Chart objects while never displayed as such are effectively multiple columns stored in an NxD numpy array, where N is the number of samples and D the number of dimensions/columns.
DFrame as it's name suggests simply uses a pandas dataframe as the underlying datasource.

It would be nice if all subclasses of these Element types could be unified to use any of these datasources. Currently different Element types use different data formats and it's all a bit of a mess and not very flexible. If we are successful with this the following Elements will interchangeably support all three data formats: Curve, Points, VectorField, Bars, Table, ErrorBars, Spread, Scatter, Scatter3D, Distribution, TimeSeries and with some minor adjustments Histogram.

I'm not entirely certain about the mechanism yet but I envision that a we introduce a new wrapper class which dispatches any method calls to one of the three baseclasses depending on the type of the data. We would provide a common API for each of the backends so custom Elements, plotting code and the user can access the data in very well defined ways independent of the data backend. Luckily we've generally made sure that such a common API exists even if we haven't used it consistently.

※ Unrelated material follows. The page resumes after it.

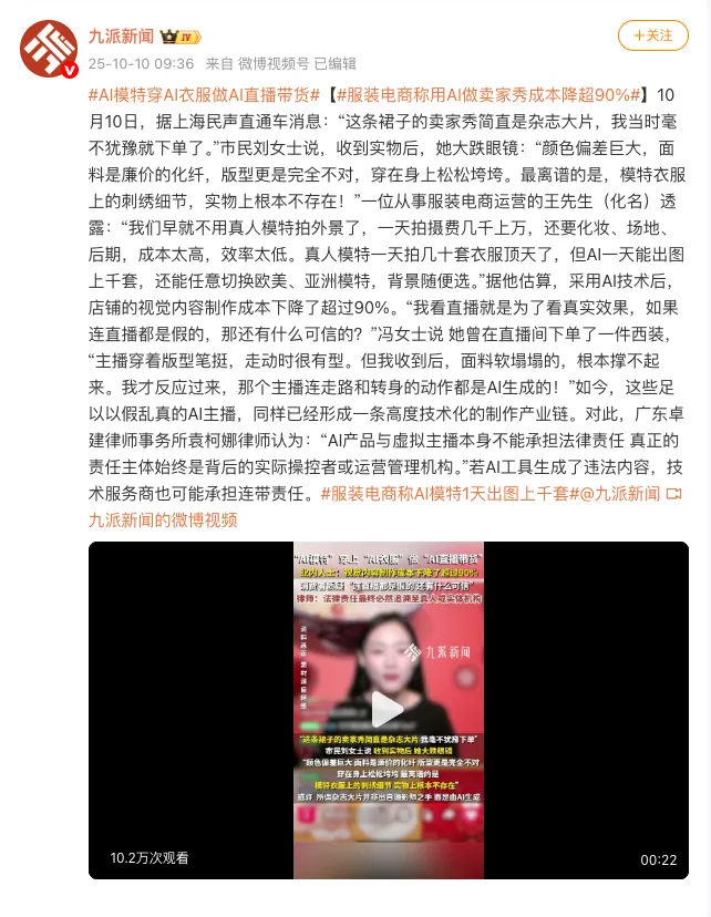 这种现象就有点像是电商领域的过度美化。不久前微博上的话题 #AI模特穿AI衣服做AI直播带货,也是类似的问题。消费者看直播,就是为了更立体全面地观察衣服的上身效果——用AI做直播,看直播还有什么意义?

The current API for Element types is this:

dimension_values: Returns an array, list or pandas series of one column
range: Returns the minimum and maximum values along a dimension excluding NaNs.
select: Same as __getitem__ but works for one or multiple dimensions.
dframe: Converts data to a dataframe
collapse_data: Applies a function across a list of Element.data attributes
reduce: Applies a reduce function across one or multiple axes
sample: Returns a Table with of the samples specified as lists
groupby: Groups by the values along one or multiple dimensions returning an NdMapping type indexed by the grouped dimensions with Elements of the same type as values. (not implemented for Charts)
reindex: Reorder specified dimensions dropping unspecified dimensions. (not implemented for Charts)

First of all I would like a better name for dimension_values, it's one of the most important methods as it returns data along one column/dimension the obvious suggestion would be values but that clashes with the dict interface of NdMapping types. Would it be terrible to let values accept an optional argument to specify the dimension, otherwise returning all value dimensions like it does currently?

Secondly I would suggest a few additions to the API, mainly data conversion, which simply clone the Element but convert between the three data formats, something like:

.as_array
.as_dframe
.as_mapping

Conversion between Element types would now be trivial since they support the same data formats and I would also deprecate the table and dframe methods.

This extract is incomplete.